Figure 3. dMi-2 triggers rapid changes in chromosome structure without altering DNA replication.

Third-instar UAS-dMi-2⁺ 3-3/+; UAS-dMi-2⁺ 15-1/da-GAL4, Gal80^ts larvae were shifted from 18°C to 29°C to activate UAS-dMi-2⁺ expression. (A) Changes in dMi-2 RNA levels were monitored by RT-PCR following the shift from 18° to 29°C using primers that specifically amplify the RNA encoded by UAS-dMi-2⁺ (induced) or both the induced and endogenous dMi-2 RNAs (induced+endogenous).
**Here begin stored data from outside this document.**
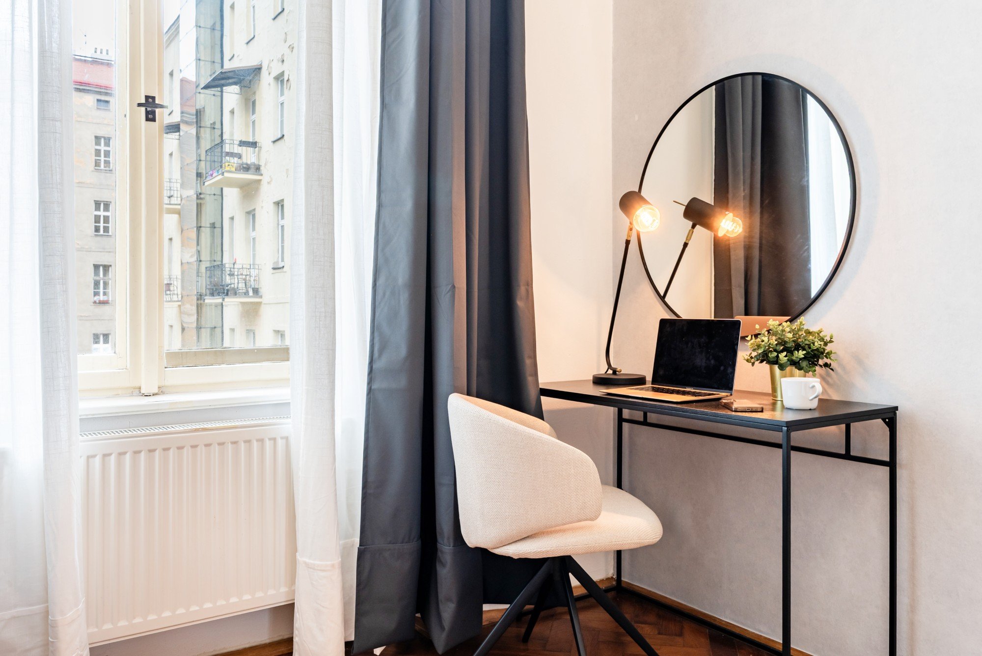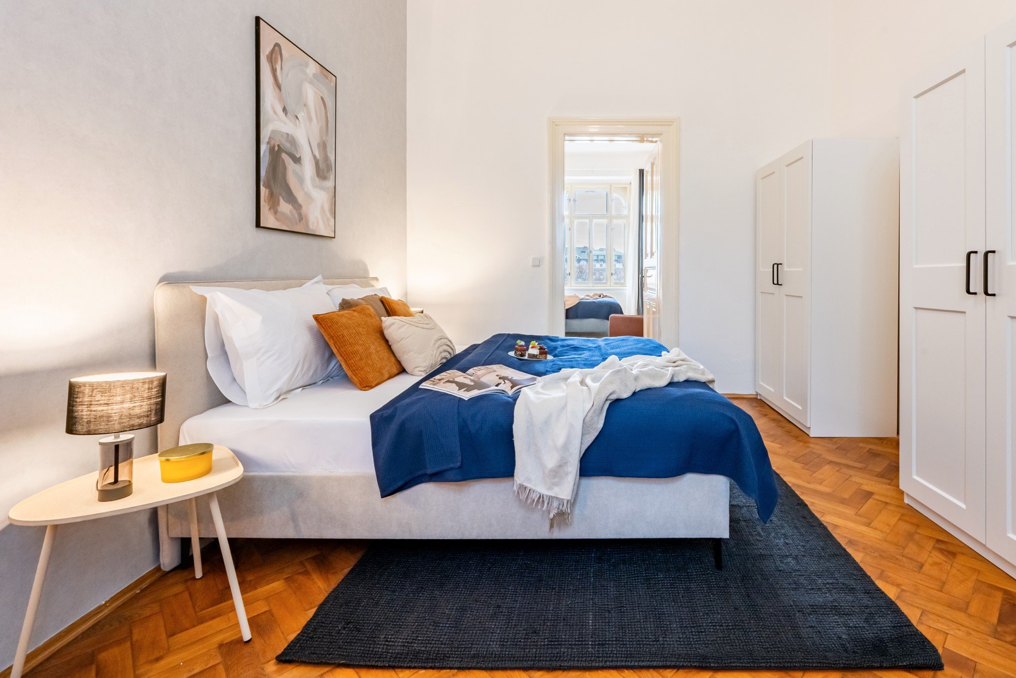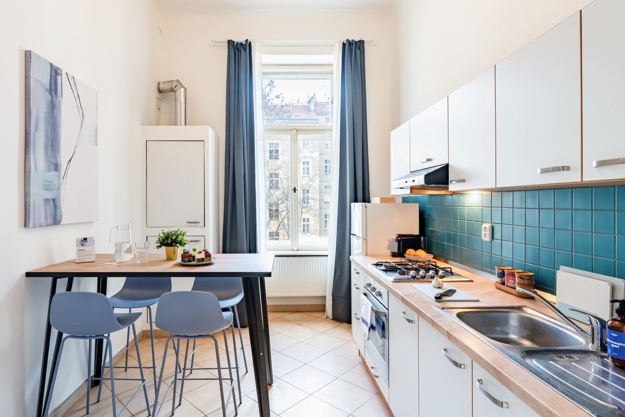 Vzdušný byt v historickém domě spojuje velkorysé proporce s promyšlenými detaily. Vysoké stropy, původní parkety a kontrast tmavého dřeva s jemnými odstíny modré vytvářejí nadčasový interiér, který je klidný, elegantní a přirozeně útulný. Dispozice navržená pro každodenní život i společné chvíle dokazuje, že komfort a charakter mohou jít ruku v ruce.
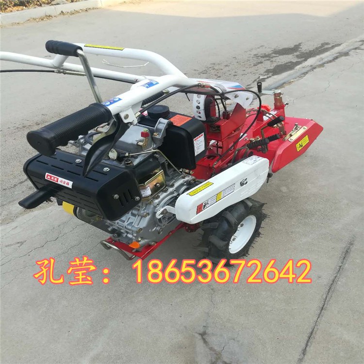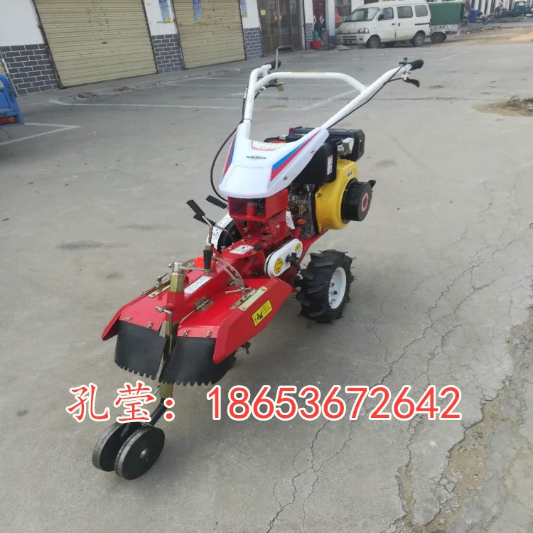 操作方便:人性化设计,操作手把灵活,可上下调整高度,并可360度旋转,适合在任何方向操作,省力。小巧灵活:机器宽度**小是38厘米,高70厘米,长1.2米,重80-120公斤,非常小巧灵活,省事。适用性强:适用各种山地,丘陵、平原、旱田、水田、大棚、果园、及狭窄地作业,省心。标配技术参数:开沟宽度:20-40cm(可调)开沟深度10-40cm培土高度40cm培土作物间距50-80cm起垄作业技术:起垄宽度10-40cm 起垄高度30-50cm旋耕作业技术参数:旋耕宽度40cm(可调)旋耕深度5-20cm配套动力:柴油机8匹——10匹 (电启动和手动启动)汽油机7.5匹——13匹标准配置为:配三套开沟培土刀 三套轮:行走轮、作业轮、胶轮
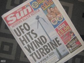 據CNN報道,本月8日 一個不明飛行物襲擊了英國林肯郡的一個小村莊,一個風能發(fā)電機的扇葉被飛行物擊出了20米遠。
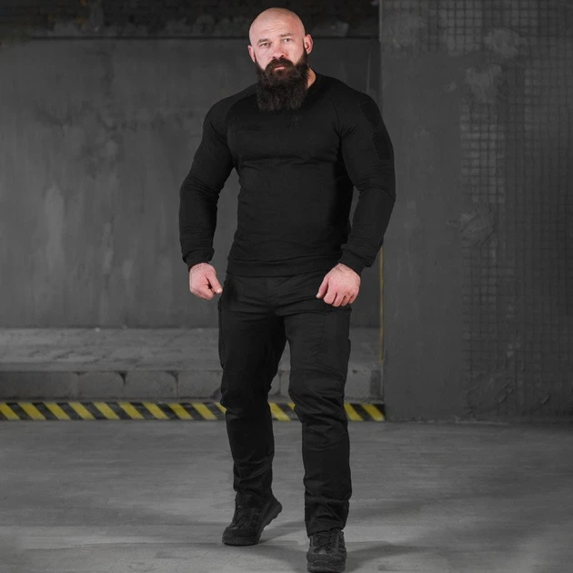 Комплект Поліція Світшот з липучками під шеврони + Штани чорний розмір 2XL
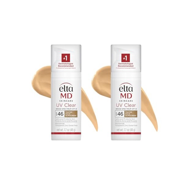 EltaMD EltaMD UV Clear Tinted Sunscreen for Face - Deep Tinted SPF 46 with Zinc Oxide, Oil-Free, Dermatologist Recommended, 1.7 oz (Pack of 2)
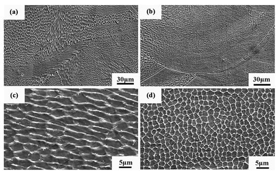 Figure 23 shows the SEM diagram of the sample. It can be seen from Figure 23a,b that the Al2O3/CoCr metal matrix composite has less grain orientation at the molten pool boundary, and further analysis shows that the cell-like grain structure at the molten pool boundary is also finer, as shown in Figure 23c,d, indicating that the alloy has a finer grain size after alumina is added.
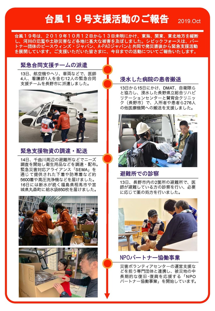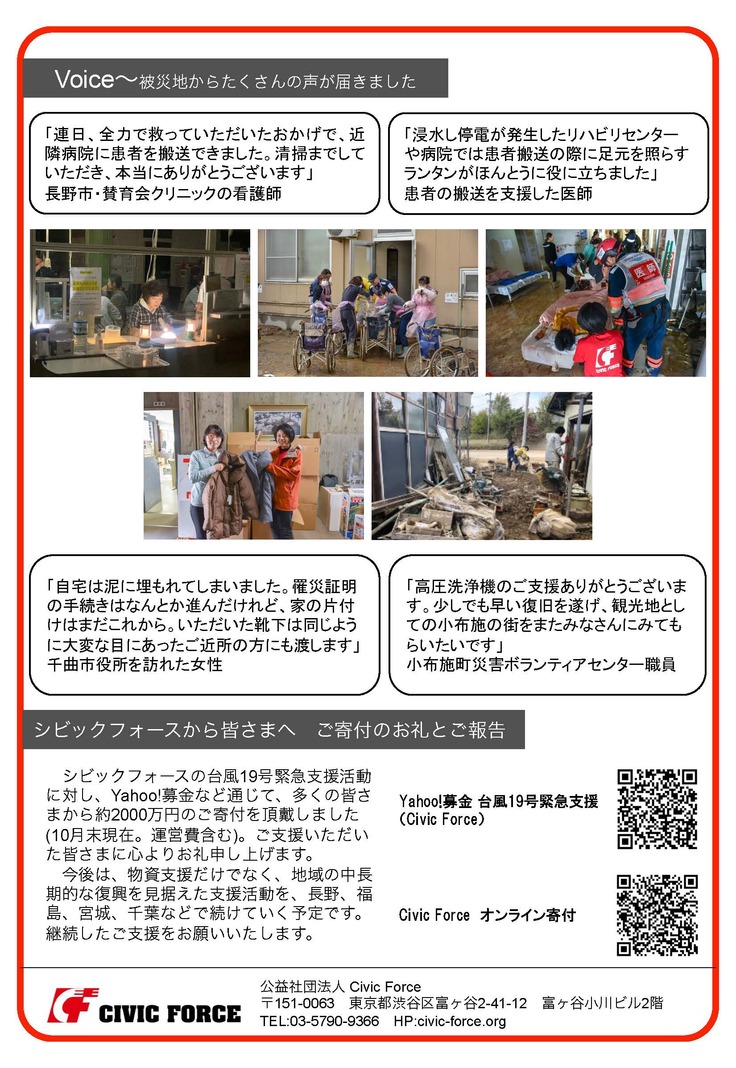10月12日から13日未明にかけて東海、関東、東北地方を縦断した台風19号は、河川の氾濫や土砂災害など各地に甚大な被害を及ぼしました。Civic Forceは、パートナー団体のピースウィンズ・ジャパン、A-PADジャパンと共同で発災直後から緊急支援活動を展開しています。今日までの活動をレポートにまとめました。ご一読いただき、ぜひご意見やご感想などをお寄せいただければ幸いです。
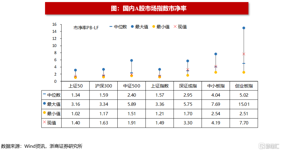 上週上證50、滬深300、中證500、上證指數、深圳成指、中小板指、創業板指的市淨率分別爲1.4、1.63、 1.91、1.49、3.3、4.19、7.7。過去十年分位數分別爲66.6%、63.1%、15%、37.6%、76.6%、61.9%、 82.8%。
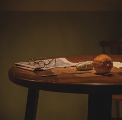 酒店内的光线和道具,铺设了缜密的细节,3000多个抽屉里都藏着与剧情有关的道具。走进麦克德夫夫人的房间,对应的房间内窗上映射了主人内心世界的倒影,真实世界里干净洁白的儿童床床单,在倒影镜像里却是血迹斑斑,恰如其分地呈现了女主人总是担心被迫害的惶恐。而类似线索,在近百个房间内千丝万缕,给观众留下了蛛丝马迹:打字机上未完待续的信笺、抽屉里有沙丘绿植还有水槽、从烟囱里倒流倾泻而入的黑沙、玻璃杯上残留的牛奶和草药、褶皱的床单和枕头里撕裂开来的成片羽毛,都在无声地诉说着剧情的起承转合,甚至于,就连看不见摸不着的温度也是被精心设计过的。这些叙事场景在5层楼的整个酒店里被无限放大。

The level of ISWI RNA was assayed as an internal control. (B and C) Live analyses of salivary gland nuclei of UAS-dMi-2⁺ 3-3/+; UAS-dMi-2⁺ 15-1/da-GAL4 GAL80^ts maintained at 18°C (B; n = 13) or shifted to 29°C for 27 hours (C; n = 14). (D) Quantification of the volume of salivary gland polytene chromosomes of larvae shown in B and C. (E) Quantification of His2Av-mRFP1 fluorescence in the same larvae shown in B and C. (F) Quantification of chromosome compaction, as assessed by the ratio of volume in µm³ to His2Av-mRFP1 fluorescence per nucleus for the larvae shown in B and C. (G) Scatter plot of the data used to generate D–F. Chromatin compaction vs. DNA content are compared for single nuclei of larvae maintained at 18°C (green triangles) or 29°C (orange circles) for 27 hours. B and C scale bars are 10 µm.